Copy the data below exactly. Any pictures in it should be omitted.

SUPPLIED MATERIAL:
☆ ☆ ☆ ☆ ☆ ☆ ☆
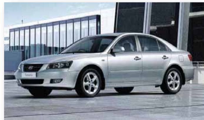
GEN. 5 /2004

Greatly enhanced R & H for a smoother ride.
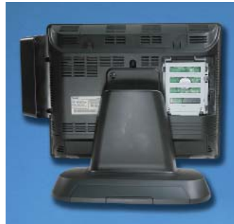
Tool-Free Access To The Hard Disk Drive
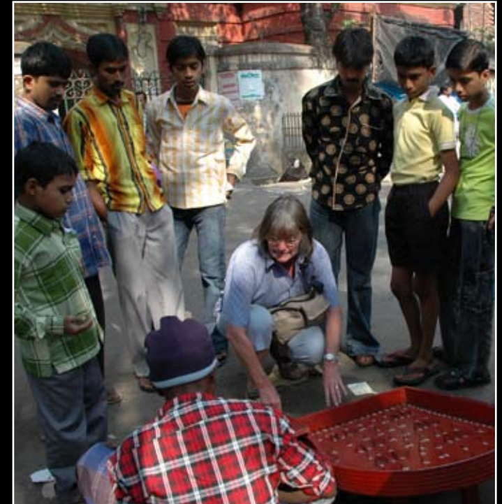
Not winning at street bagatelle in Calcutta
☆ ☆ ☆ ☆ ☆ ☆ ☆
RESPONSE TO THIS TASK:
GEN. 5 /2004

Greatly enhanced R & H for a smoother ride.
Tool-Free Access To The Hard Disk Drive
Not winning at street bagatelle in Calcutta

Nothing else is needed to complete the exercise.